## ACTIVITY
Where the listing shows an image, skip it and output all other material unchanged.

## SOURCE MATERIAL
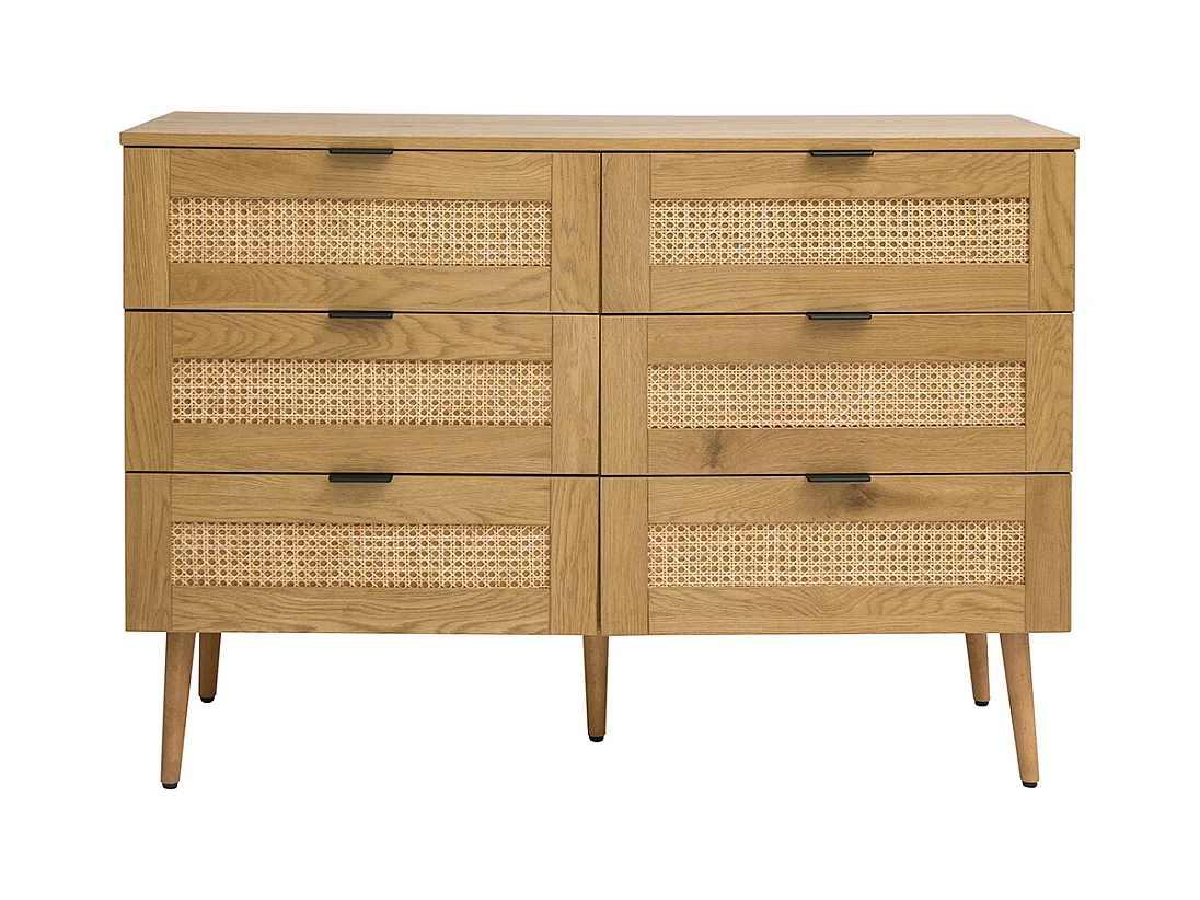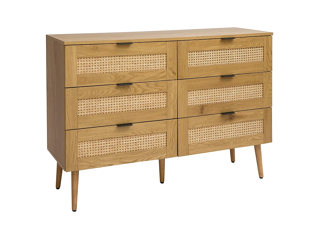 Cómoda acabado en madera clara, rejilla de ratán y metal negro 3 cajones L120 cm MANILLE
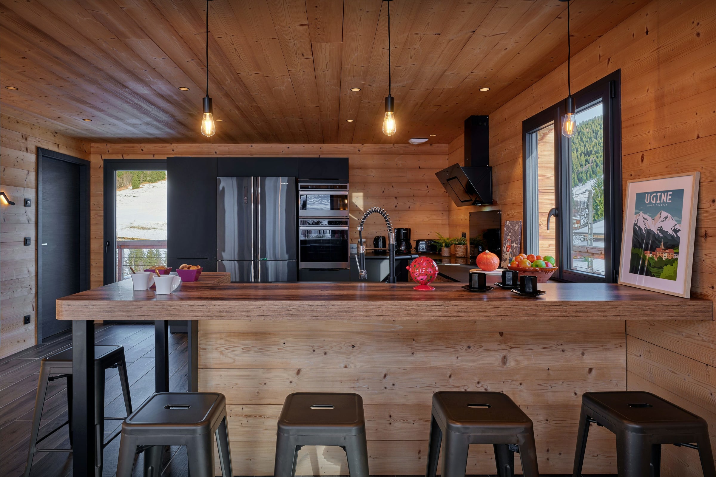 Chalet NDB is a four-bedroom, two-bathroom ski-in ski-out chalet on three floors. It is also right next door to one of Notre-Dame-de-Bellecombe's ski slopes, and just 700m from the lift.
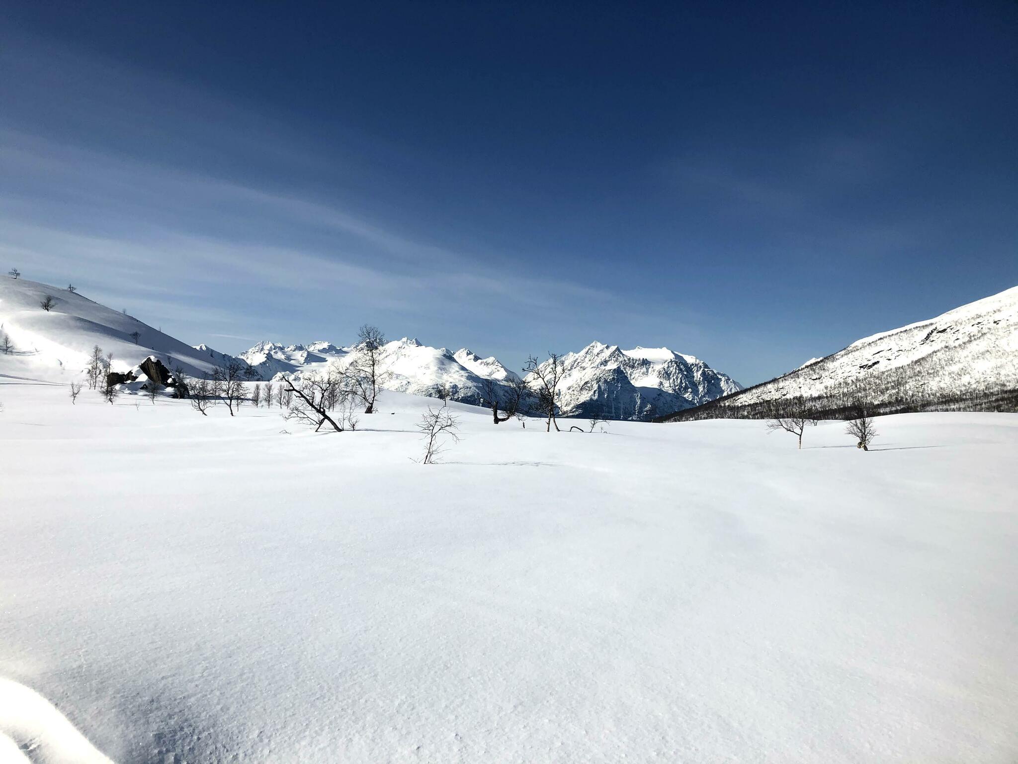 Fredagens tur gikk til Kåfjord og parkeringsplassen i Normannvik. Etter snøfall på torsdag og oppklarning til nydelig vær på fredag, var det et fantastisk føre med puddersnø oppover dalen. Sola dukket fram bak fjellet da vi kom opp i skogbandet. Da kunne vi skue utover praktfulle Lyngsaplene tvers over fjorden.

## EXERCISE RESULT
 Cómoda acabado en madera clara, rejilla de ratán y metal negro 3 cajones L120 cm MANILLE
 Chalet NDB is a four-bedroom, two-bathroom ski-in ski-out chalet on three floors. It is also right next door to one of Notre-Dame-de-Bellecombe's ski slopes, and just 700m from the lift.
 Fredagens tur gikk til Kåfjord og parkeringsplassen i Normannvik. Etter snøfall på torsdag og oppklarning til nydelig vær på fredag, var det et fantastisk føre med puddersnø oppover dalen. Sola dukket fram bak fjellet da vi kom opp i skogbandet. Da kunne vi skue utover praktfulle Lyngsaplene tvers over fjorden.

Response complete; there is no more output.